The sun is in a unique position in the Milky Way-between the two spiral arms of the Milky Way. The solar system has been in a stable orbit of the Milky Way, far from the center of the Milky Way, between the two spiral arms. Usually, most stars in the Milky Way galaxy run in spiral arms. Even if some stars are not in the spiral arms, they will not stay there for a long time and will eventually be swept into the spiral arms. Only when the star is at a certain precise distance from the center of the Milky Way galaxy can the star stay between the two spiral arms for a long time. The sun is here.
Why is this important? If our solar system is within the spiral arms of the Milky Way, then the whole solar system will be greatly threatened by other celestial bodies in the universe. We are outside the spiral arms, which makes us in a very safe position in the universe because the density of celestial bodies here is very low.
The earth's unique inclination and elliptical orbit tilt the ecliptic plane by 23.5 degrees. This is important because this angle makes the earth have seasonal changes. Moreover, almost all continents on the earth are located in the northern hemisphere, because the land has a higher ability to absorb solar energy, so when the northern hemisphere points to the sun, the earth warms up, which happens to be the farthest from the sun (at this time, the earth orbit is at the apohelion), otherwise it will be hotter in summer and colder in winter.
The earth has the moon as a satellite. Because of its great mass, the moon will not be captured by the gravity of the earth. The best explanation for the moon becoming a satellite of the earth is that about 4.25 billion years ago, a planet the size of Mars hit the earth, and the moon was formed by the remnants of the impact.
However, the possibility of collision between two planets in the solar system is extremely small. And any "normal" collision will not lead to the formation of the moon, because the usual collision will not throw the projectile so far from the earth to form the moon. Computer simulation shows that the collision between asteroids and the earth must be very accurate to form the moon. Is such an accurate collision a coincidence or a design?
Why is the moon important to life on earth? Because the asteroid collided with the earth to form the moon, it also caused the original atmosphere of the earth to be ejected. If this collision hadn't happened, the earth would have an atmosphere similar to Venus, 80 times that of the earth. The greenhouse effect caused by such a thick atmosphere on Venus is very serious, which makes the surface temperature of Venus reach more than 700 degrees. If most of the earth's primitive atmosphere had not been ejected into outer space, the earth would have suffered the same fate.

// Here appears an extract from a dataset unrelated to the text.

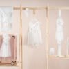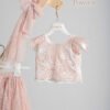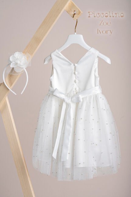 A midi dress with a particularly charming bodice with satin pleats and a satin belt that ends in a bow tie at the back. Impressive asymmetrical tulle skirt with pearls, with a longer back. The dress’s decor consists of a handmade flower, rhinestones and marabou.

In fact, the mass of the earth is 20% larger than that of Venus and farther away from the sun. These two factors should make the earth's atmosphere thicker than that of Venus. But for some strange reasons, our atmosphere is very thin, and the density is just right. There can be both solid water and gaseous water, just enough to support life. Is this a natural coincidence or an elaborate design?
Van Allen radiation shield is unique to the earth. Another lucky result of this Mars-sized planet colliding with the Earth is that the Earth has a huge and heavy metal core. In fact, the earth is the densest planet in the solar system. The huge nickel core produces our geomagnetic field. This magnetic field makes the earth form a Van Allen radiation shield, which can protect the earth from cosmic radiation. Without this shield, there would be no life on earth. Besides the Earth, the only other rocky planet in the solar system with a magnetic field is Mercury, but its magnetic field intensity is 100 times smaller than that of the Earth.
Because almost all life forms on the earth must survive at a temperature below 50℃, a planet needs a stable galaxy (only spiral, such as the Milky Way), a stable star (the star can't be too big or too small, and it can't be a binary system), a stable planetary orbit (the eccentricity of the orbit must be very small), and a suitable rotation period (a long rotation period will lead to too much temperature change).
Because the solar system meets the above requirements at the same time, we have to consider whether all this was designed by advanced civilization. It's possible, isn't it?